I’ve known about the Causey Arch for as long as I’ve known anything about railway history.
It always appeared in the textbooks, often in unlikely-looking engravings, but was not much visited because until the 1980s it was neglected and not very accessible.
It’s an outstanding piece of industrial archaeology because it was, at the time it was built, 1725-26, easily the longest single-span bridge in Britain, 102 feet between the abutments and eighty feet above the Causey Burn.
It can also claim to be the world’s first railway bridge, carrying a wooden tramway conveying coal from Tanfield Colliery to the River Tyne 5½ miles away.
An earlier bridge had collapsed as soon as it was completed. Indeed the stonemason of the existing arch, Ralph Wood, was so nervous about the strength of its replacement that he killed himself before it was completed.

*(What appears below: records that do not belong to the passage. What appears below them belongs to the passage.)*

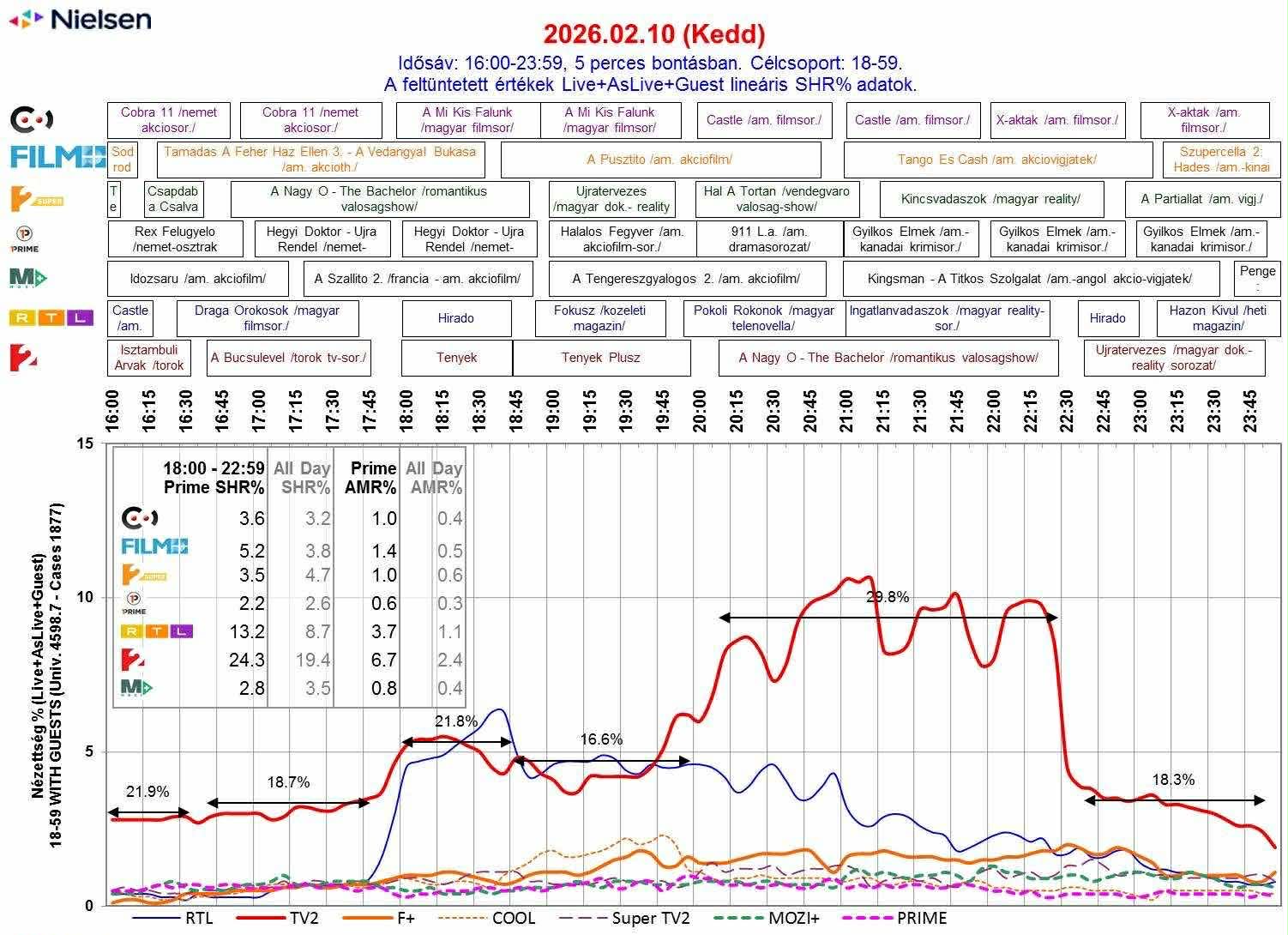 A televíziós szakmában és a reklámiparban etalonként figyelt Nielsen Közönségmérés adatai szerint a műsor utolsó hetében a TV2 22,2%-os főműsoridős átlagos közönségarányt ért el a 18–59-es korcsoportban, míg az RTL 12,5%-ot. Ekkora heti különbségre 2001 óta nem volt példa a két kereskedelmi csatorna között.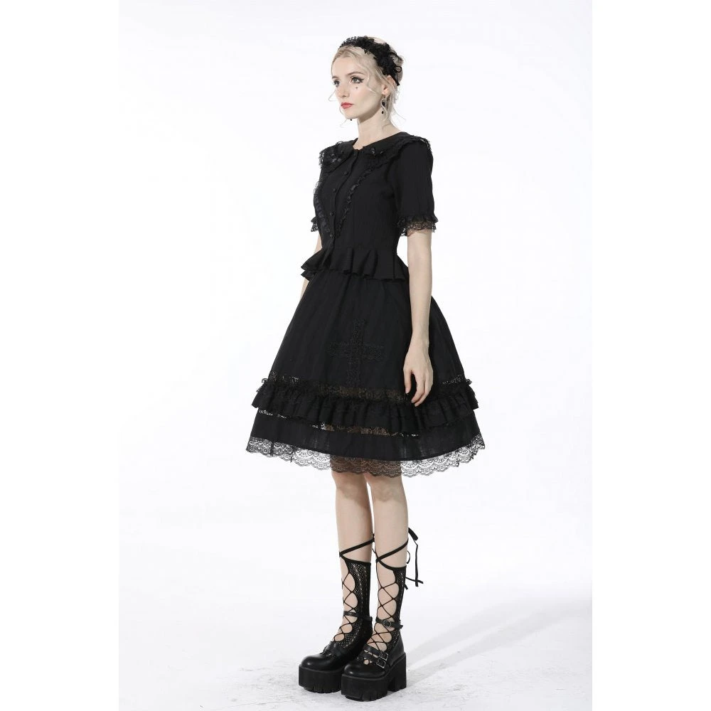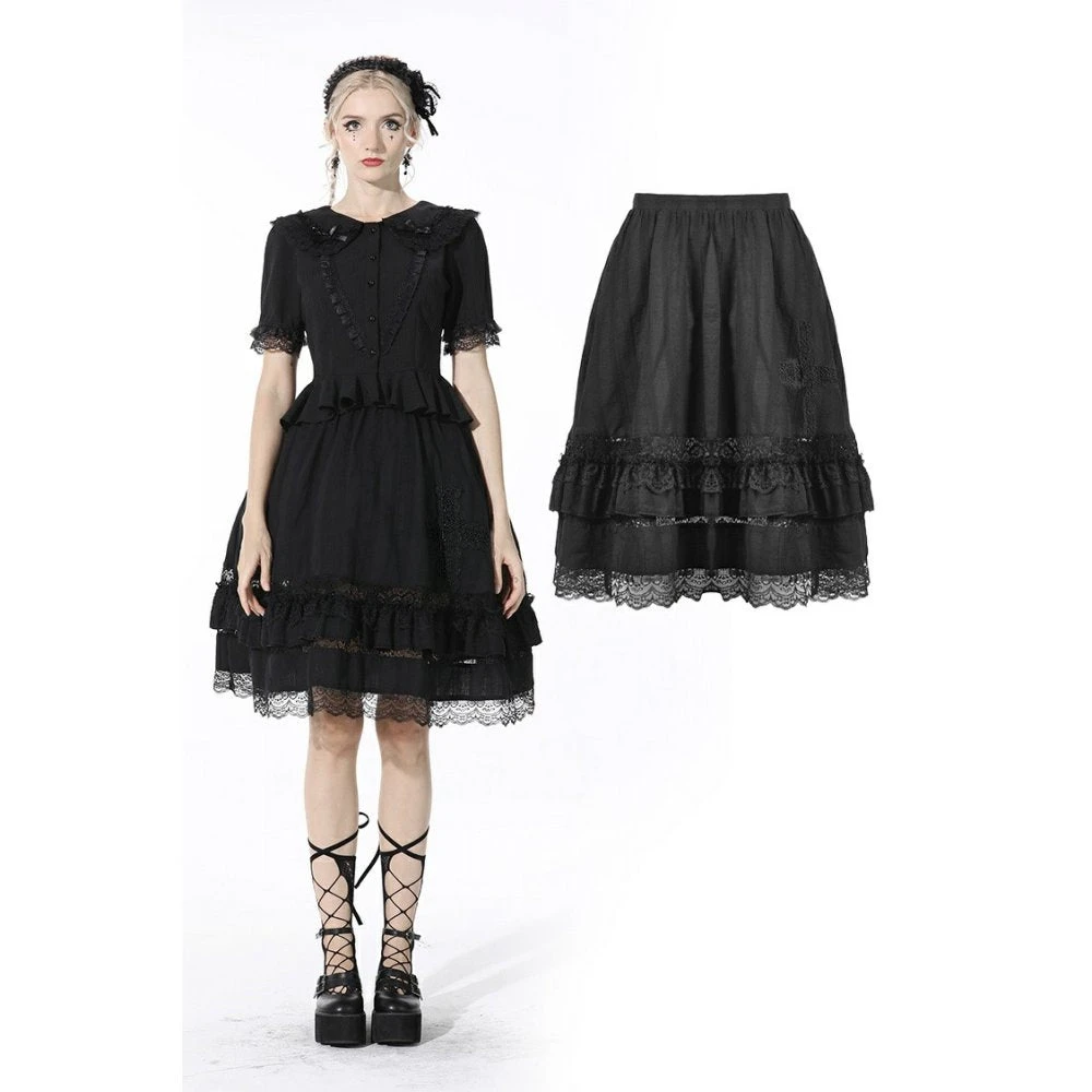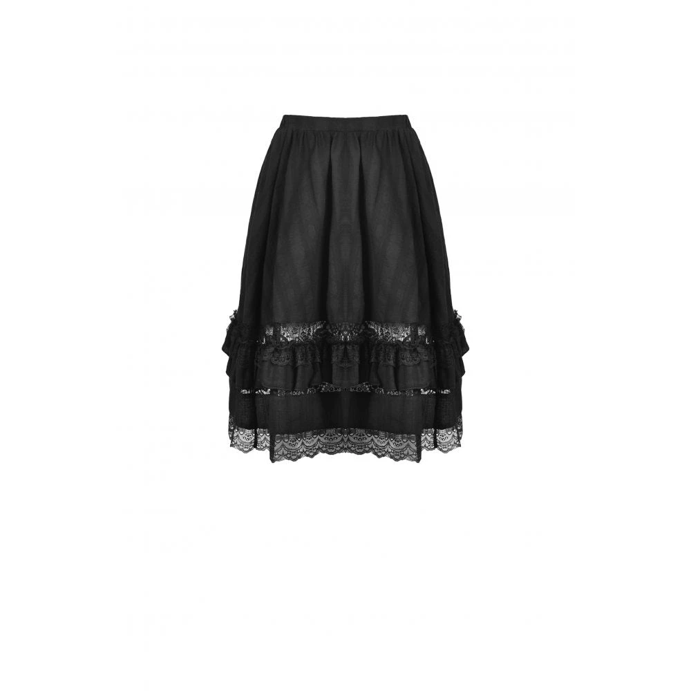 Elegant and flowing black mid length skirt by Dark In Love. This classic black midi skirt is made from soft cotton with intricate lace detailing! Matches perfectly with the Adalynn Chiffon Blouse!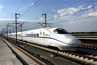 | 我國第一條時速350公里高速鐵路——京津城際鐵路試驗列車行駛在永樂站。原瑞倫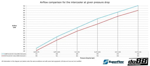 Cooling is important, and so is airflow. After many hours in the development, refining the end tanks and choosing a core to meet our demand, the result is an intercooler that is much more efficient in terms of heat transfer as well as airflow. Using our in-house flowbench, Superflow SF-1020 Probench, the airflow is verified for both the do88 intercoolers and the OE 992 units. What you see is what you get – true performance!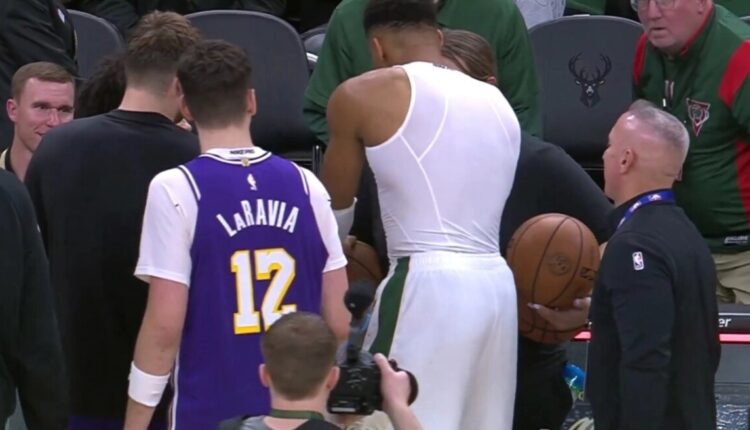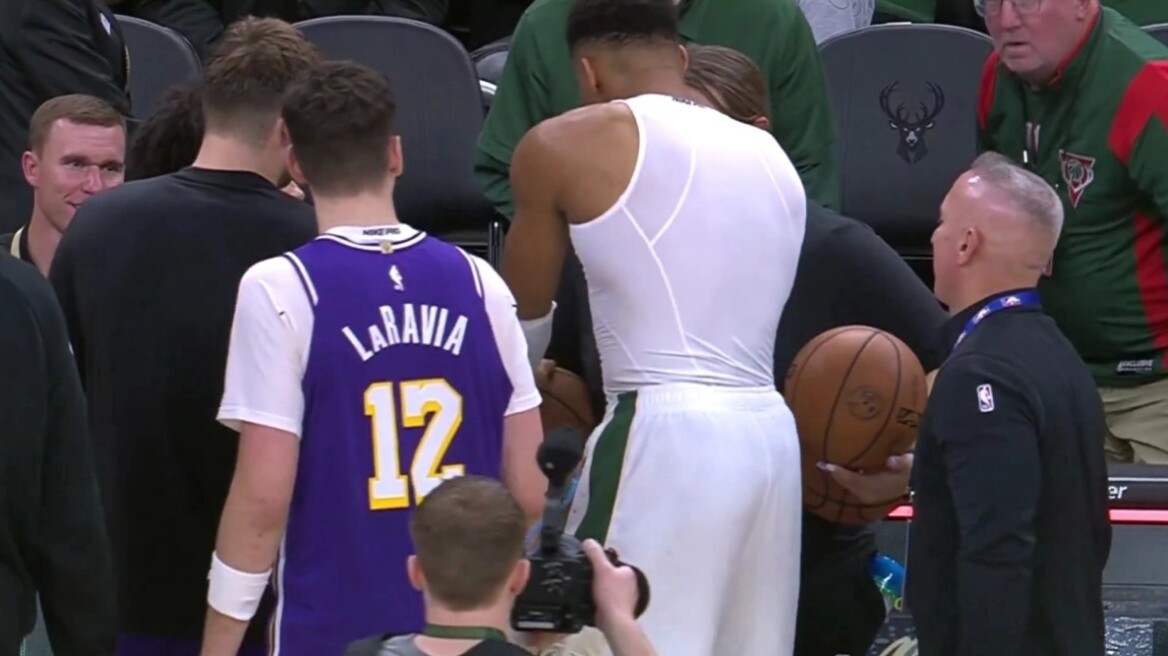 Στο φινάλε της αναμέτρησης μεταξύ Μπακς και Λέικερς, η οποία έληξε με σκορ 95-119 υπέρ των Λέικερς, σημειώθηκε μια μικρή ένταση που όμως έσβησε γρήγορα χάρη στην παρέμβαση του Γιάννη Αντετοκούνμπο. Το περιστατικό αφορούσε την επιθυμία των Λέικερς να κρατήσει ο Αντού Τιερό, rookie της ομάδας, την μπάλα με την οποία σημείωσε τους πρώτους του πόντους στο NBA. Ωστόσο, οι διαιτητές, ακολουθώντας τον κανονισμό, δεν επέτρεψαν να δοθεί η μπάλα στον νεαρό παίκτη, αφαιρώντας την από τους Λέικερς παρά τις αντιδράσεις τους και παραδίδοντάς την σε μέλος του επιτελείου των Μπακς. Σε εκείνο το σημείο, ο Γιάννης Αντετοκούνμπο ανέλαβε δράση. Χωρίς δεύτερη σκέψη, πήρε την μπάλα από την υπεύθυνη των Μπακς και την παρέδωσε στον Λούκα Ντόντσιτς, με σκοπό να φτάσει τελικά στα χέρια του Τιερό. Ο Σλοβένος σταρ ευχαρίστησε θερμά τον Γιάννη για την ευγενική του χειρονομία, δίνοντας έτσι ένα αίσιο και συγκινητικό τέλος σε αυτή την ιδιόμορφη κατάσταση.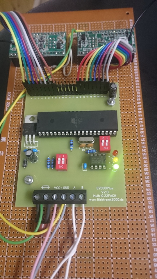 Hallo, stelle euch hier mal ein Koppelmodul E2000+ mit Homematic vor. 2x8 Kanäle (Senden und Empfangen). Ist nur ein Test funktioniert aber top. Bisher habe ich die Kopplung zwischen beiden Systemen mittels Mail gelöst (Homematic setzte Mail ab und E2000+ wertete aus...wenig Performance!) In beiden Richtungen nun mit Multi22fach Modul und Sendemodul HM-MOD-EM-8 bzw. Empfangsmodul HM-MOD-Re-8. Gruß Steffen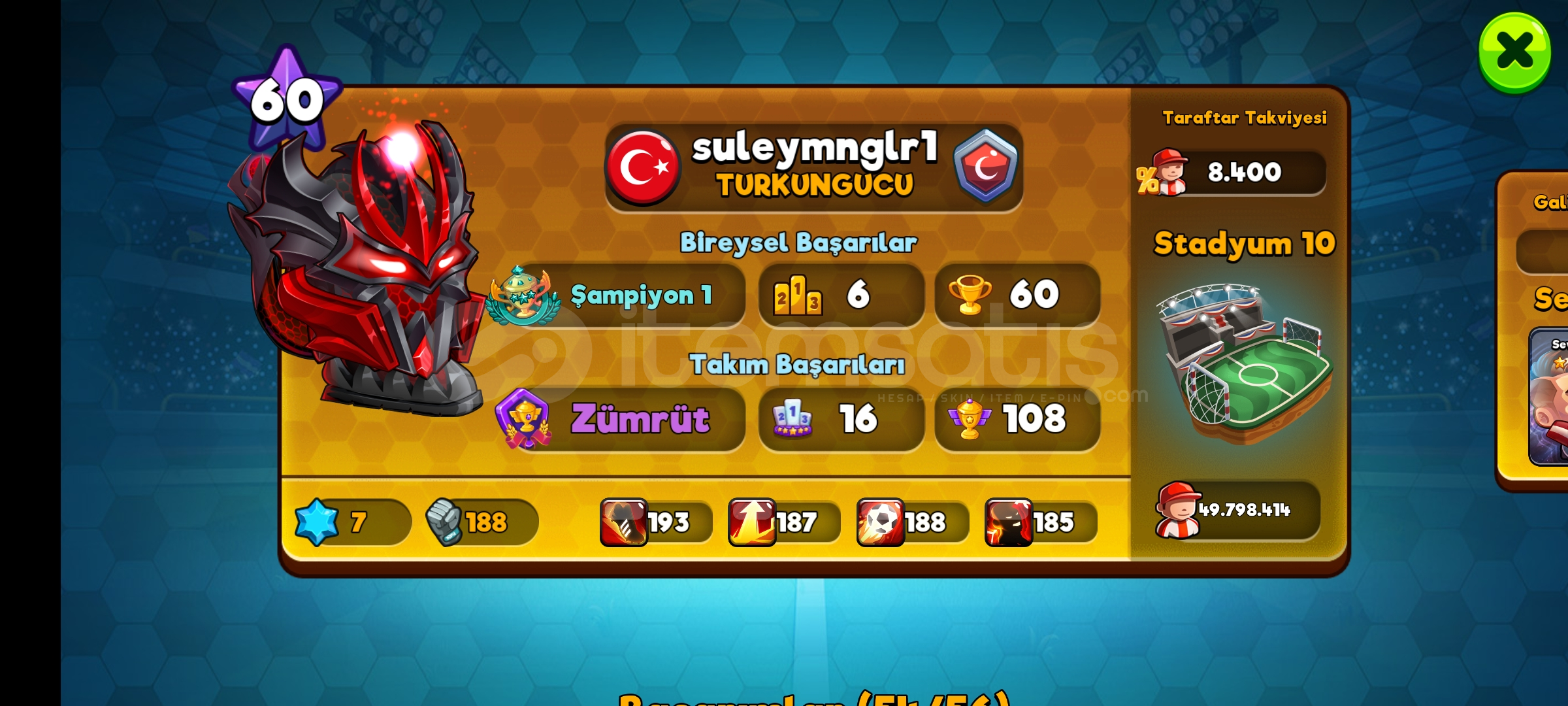 Emek verilmiş bir hesap Hesap alacağız ondan satıyoruzSüper güç full1 aylık premium üyelik devam ediyorPazarlık yok maalesef 🙂

A reproduction of one of the wagons is displayed at the site: these wooden wagons, with wooden wheels running on wooden rails, were controlled by a disconcertingly basic wooden brake.
Friction sometimes caused the wheels and brakes to catch fire.
Wagons loaded with 2½ tons of coal rolled down the “main-way” grade by gravity, retarded by horses, which hauled them back to the pit empty up the opposite track, the “bye-way”.
Nine hundred wagons a day traversed the line – one every twenty seconds crossing this great masonry arch which seems to have had no parapet.
By the magnitude of the arch and the volume of its initial traffic we can judge how much money was to be made from Durham coal in the eighteenth century.
Its heyday was shortlived. It declined after Tanfield Colliery caught fire in 1739.
Though it was listed grade I as early as 1950, it was neglected until the local council restored it and developed its surroundings in 1980.
Since the Tanfield Railway began regular services to the station beside the Arch in 1991, it has become an easy and popular focus for walks in the area.